▶ **Problem to solve**: Below, some lines carry pictures; leave those pictures out and retype exactly the lines from the one with "Jas Shana van" through the one with "Nuevas reacciones al".

▶ **Data section**:
------------------------------------
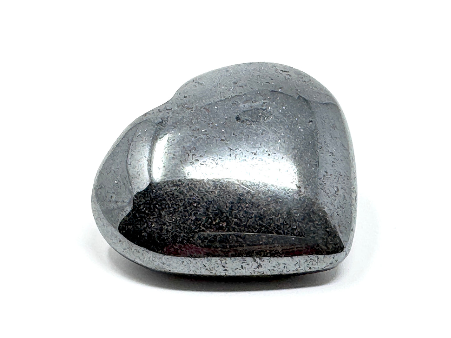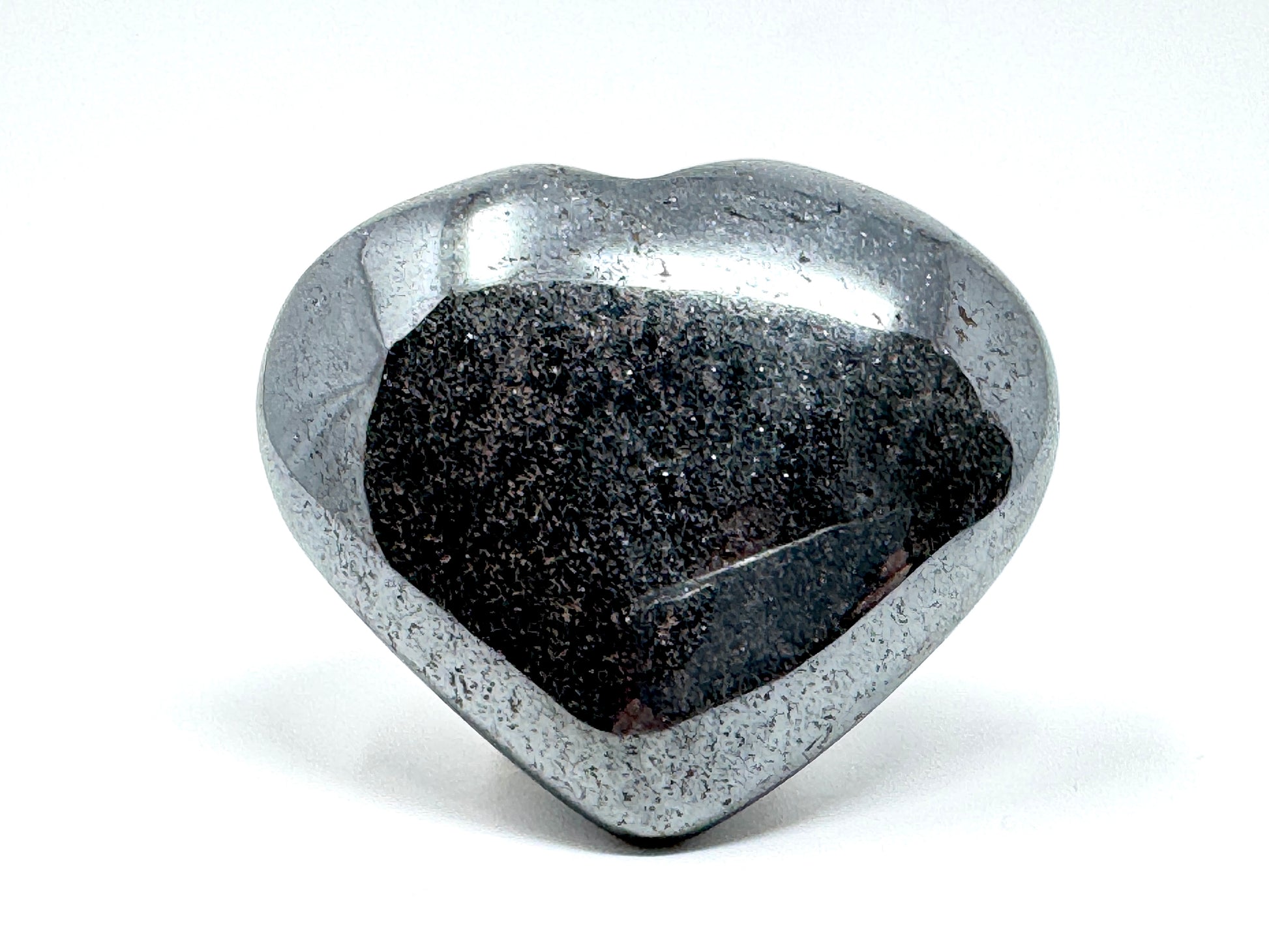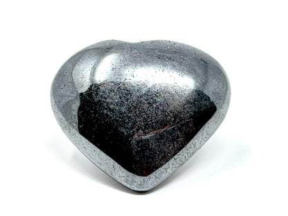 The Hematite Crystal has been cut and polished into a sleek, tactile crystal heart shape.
------------------------------------
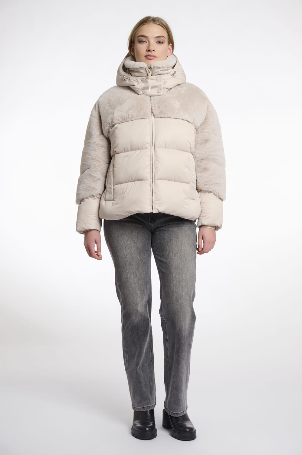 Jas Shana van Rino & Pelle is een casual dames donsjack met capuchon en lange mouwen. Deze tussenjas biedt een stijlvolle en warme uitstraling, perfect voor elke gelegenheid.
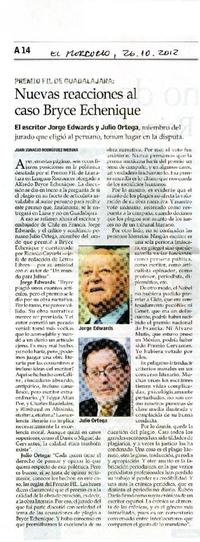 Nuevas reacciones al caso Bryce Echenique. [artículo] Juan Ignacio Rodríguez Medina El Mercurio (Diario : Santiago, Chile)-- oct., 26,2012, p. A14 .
------------------------------------
▶ **Answer to this task**:
 Jas Shana van Rino & Pelle is een casual dames donsjack met capuchon en lange mouwen. Deze tussenjas biedt een stijlvolle en warme uitstraling, perfect voor elke gelegenheid.
 Nuevas reacciones al caso Bryce Echenique. [artículo] Juan Ignacio Rodríguez Medina El Mercurio (Diario : Santiago, Chile)-- oct., 26,2012, p. A14 .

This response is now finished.